• _Source information_:
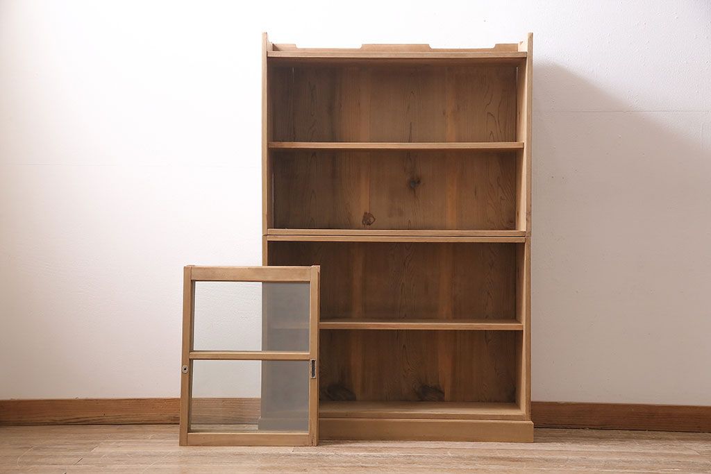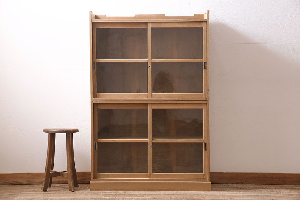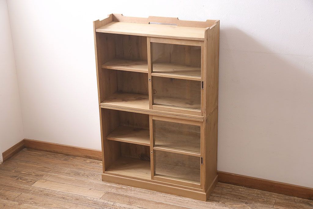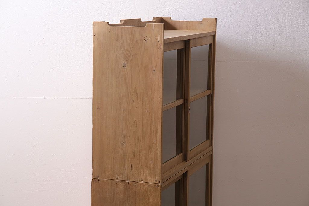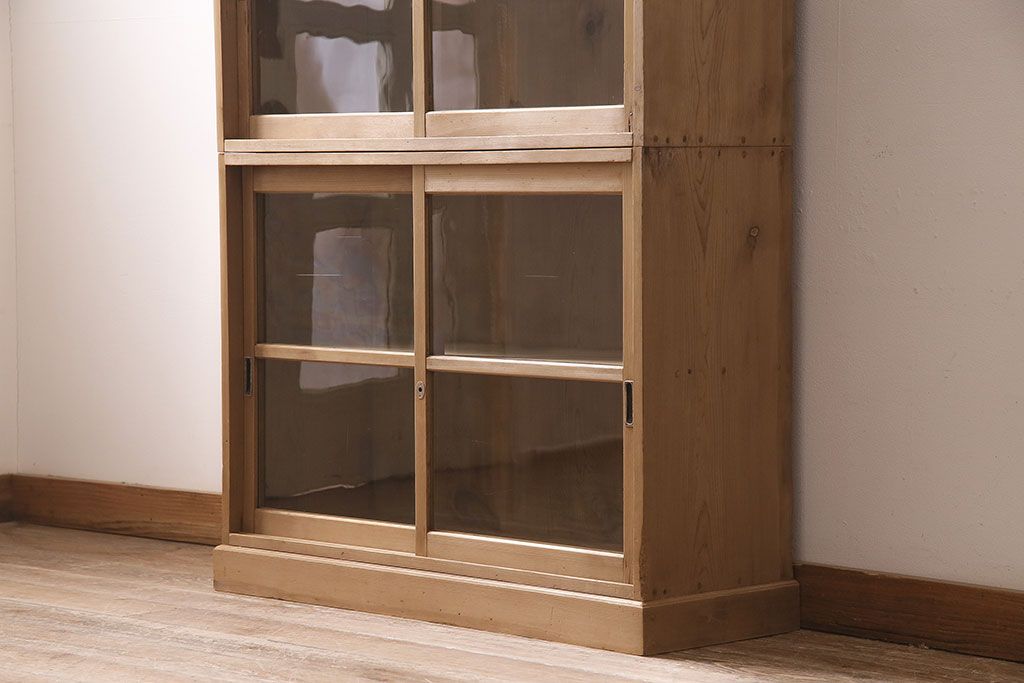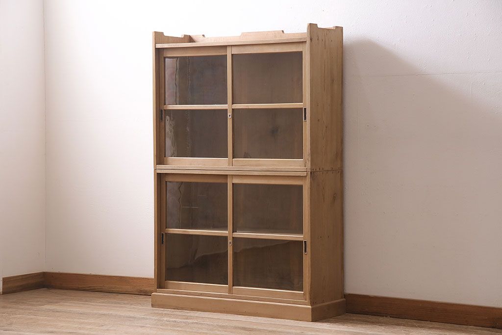 アンティーク家具 大正昭和初期 ストリップド(剥離) ゆらゆらガラスがレトロな雰囲気を高める重ねキャビネット(飾り棚、陳列棚、収納棚)(R-038601)です。
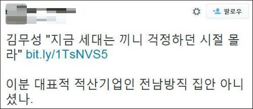 이 밖에도 “빈부격차가 이리 심해졌는데”(우너**), “지금 자식뻘 되는 젊은 층이 취업 안 되는 그런 상황은 겪어보셨나?”(메가***), “대통령되면 볼 만하겠네요”(Mi*****), “끼니 걱정을 아는 사람이 그래?”(내일**), “자학과 분노와 저주의 역사??”(뽐은***), “말이면 다인 줄 아는가”(Fron****), “그 당시 대부분 겪어봤을 끼니 걱정을 보기만 했겠지”(뿜*), “다이아몬드 수저의 헛소리”(pri**) 등의 비난 반응들이 잇따랐다.
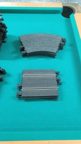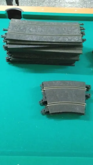 Conjunto de pistas curvas para Scalextric. Ideales para ampliar o crear nuevos circuitos. - Pistas de color negro. - Diseño curvo para trazados dinámicos. 18 Rectas standar 5 Rectas medianas 5. Curvas standar 3. Curvas medianas 1 Pista de salida 1. Mando verde 1 Mando rojo de regalo es para reparar
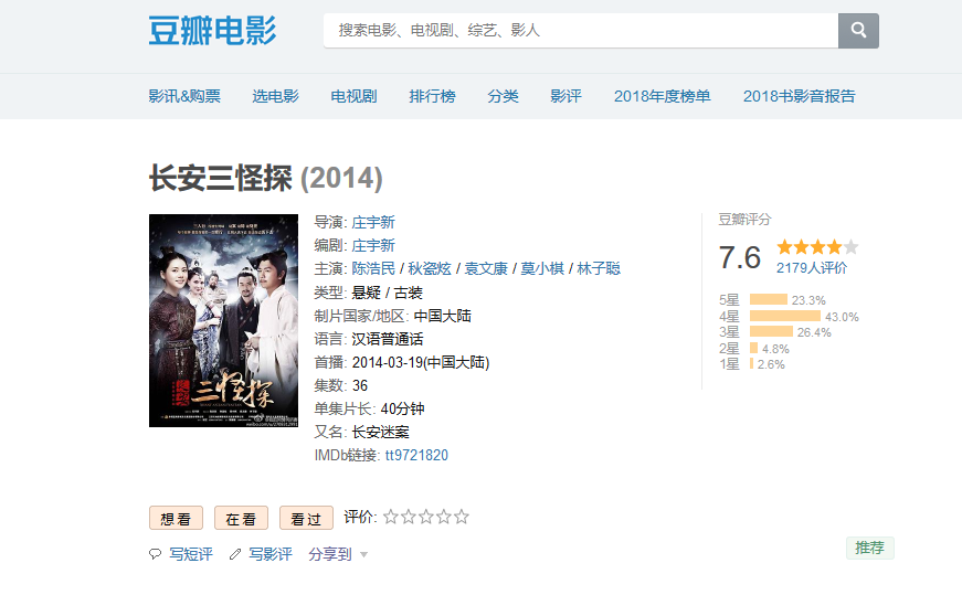 《长安三怪探》一个用心团队打造下的探案传奇,题材在如今国内市场并不是主流,所以它的收视率并不高,也没有大火。
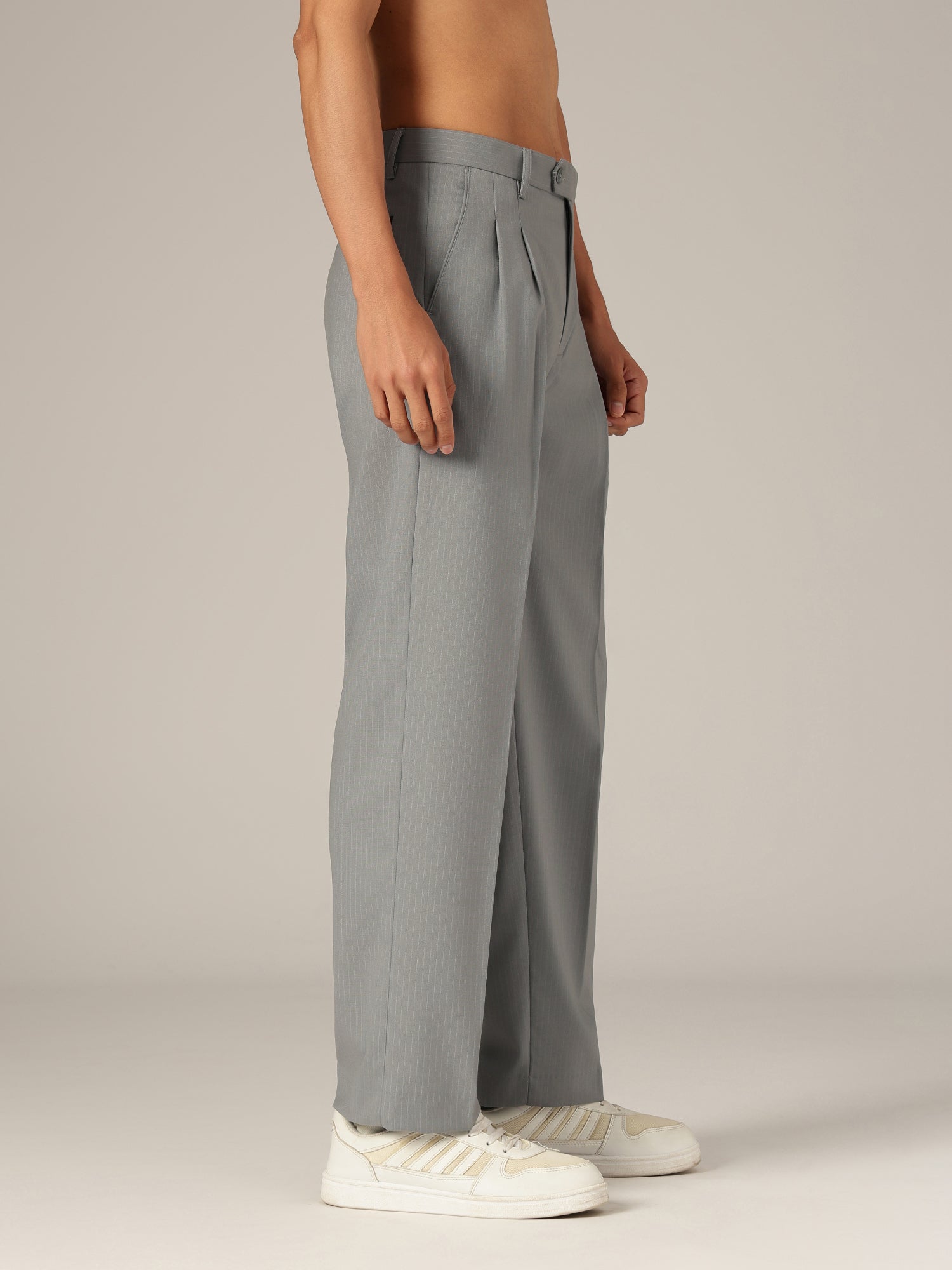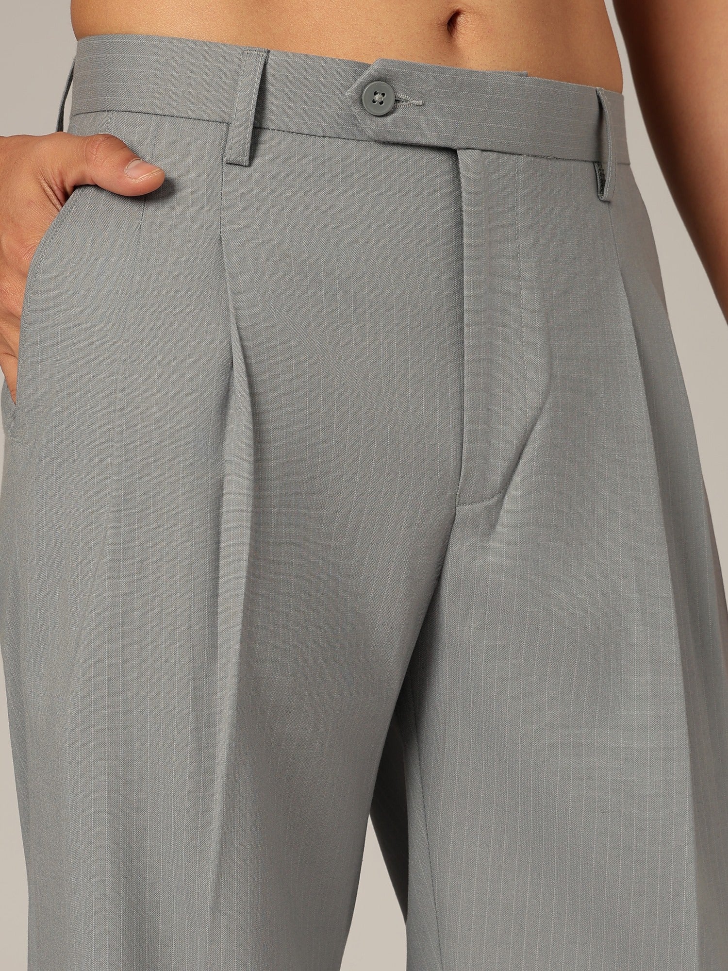 Modern Korean Trouser featuring a baggy fit with striped design, crafted in durable polyester. Double pleated structure adds shape, while button & zip closure and four pockets balance comfort with casual street-ready style.

• _Instructions for the task_:
Your copy should hold exactly the lines from the one with "Conjunto de pistas" through the final line of the records, both ends included, and no pictures.

• _Problem solution_:
 Conjunto de pistas curvas para Scalextric. Ideales para ampliar o crear nuevos circuitos. - Pistas de color negro. - Diseño curvo para trazados dinámicos. 18 Rectas standar 5 Rectas medianas 5. Curvas standar 3. Curvas medianas 1 Pista de salida 1. Mando verde 1 Mando rojo de regalo es para reparar
 《长安三怪探》一个用心团队打造下的探案传奇,题材在如今国内市场并不是主流,所以它的收视率并不高,也没有大火。
 Modern Korean Trouser featuring a baggy fit with striped design, crafted in durable polyester. Double pleated structure adds shape, while button & zip closure and four pockets balance comfort with casual street-ready style.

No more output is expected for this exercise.